3. Submit the form to get the predicted math score.

### Screenshots
- **Homepage Screenshot**: ![Homepage](static/images/index.jpg)

- **Prediction Result Screenshot**: ![Result Page](static/images/result.jpg)

### Prediction Pipeline
For making predictions programmatically, use the `predict_pipeline.py` file.
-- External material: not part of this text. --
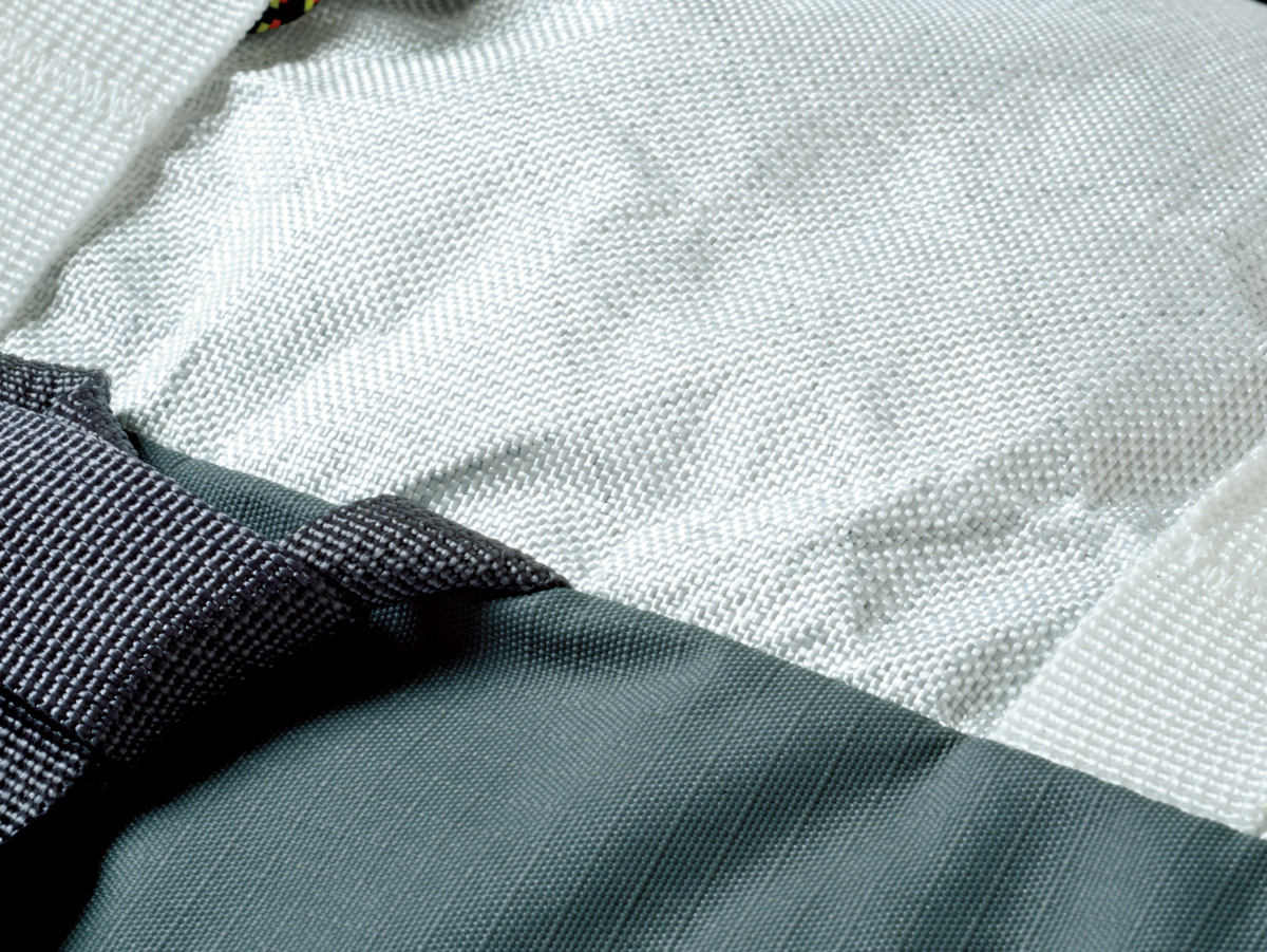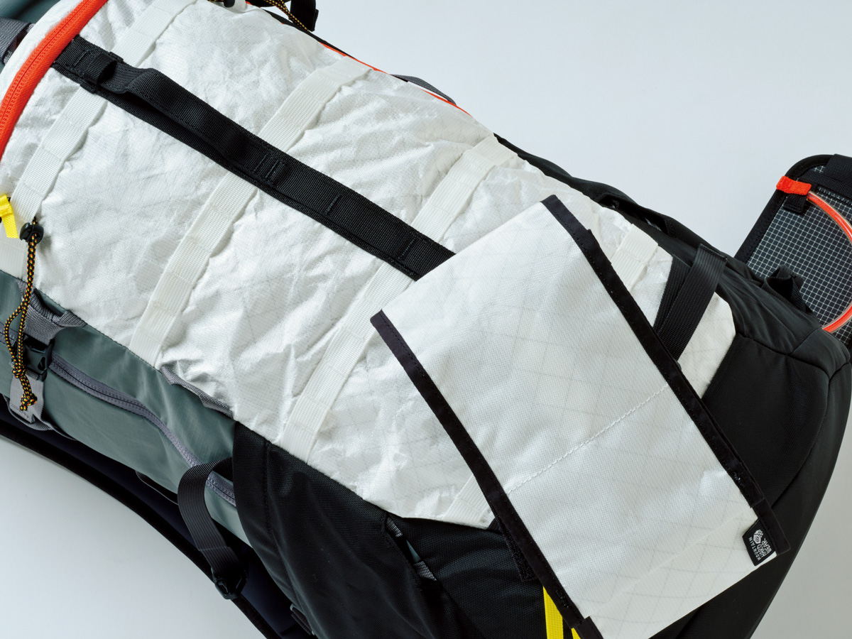 部位によって3種類の生地を使用。フロントには引き裂きに強いウルトラ 400TXポリエステルリップストップを採用した。

For example:
```python
from src.pipeline.predict_pipeline import CustomData, PredictPipeline

data = CustomData(
gender='male',
race_ethnicity='group A',
parental_level_of_education="bachelor's degree",
lunch='standard',
test_preparation_course='completed',
reading_score=80,
writing_score=78
)

predict_pipeline = PredictPipeline()
pred_df = data.get_data_as_data_frame()
prediction = predict_pipeline.predict(pred_df)
print(f"Predicted Math Score: {prediction[0]}")
```

## Files Overview

### `app.py`
The main Flask application that serves the HTML pages and handles requests for predicting student math scores.

### `run_app.py`
This script automates the process of:
1. Running the model training using the `train_pipeline.py`.
2. Starting the Flask application (`app.py`).
3. Opening the app in your browser (`http://localhost:5000`).

### `predict_pipeline.py`
- **PredictPipeline**: Loads the trained model and preprocessing pipeline to make predictions on new data.
- **CustomData**: Collects the input features, converts them into a pandas DataFrame, and prepares the data for the model.

### `train_pipeline.py`
The pipeline for training models, which includes:
- Data ingestion
- Data transformation
- Model training and selection
- Saving the best model and preprocessing object

### `data_transformation.py`
This file defines the preprocessing pipeline that handles:
- Imputation for missing values
- One-hot encoding for categorical features
- Scaling for numerical features

### `model_trainer.py`
Handles the training of different regression models and hyperparameter tuning using `GridSearchCV`. It selects the best model based on the R-squared score.

### `utils.py`
Utility functions for saving/loading models and evaluating the model's performance.

### `data_ingestion.py`
Handles reading data from a CSV file, splitting it into training and test sets, and saving the datasets.

## Deployment
To deploy the app to a platform like Heroku, you need to add the following files:
- `Procfile` (for defining how to run the app)
- `runtime.txt` (to specify the Python version)

## Future Improvements
- Support for more student attributes (e.g., previous academic scores).
- Addition of more regression models to improve accuracy.
- Enhanced feature engineering for better predictions.

## License
This project is licensed under the MIT License. See the [LICENSE](LICENSE) file for more details.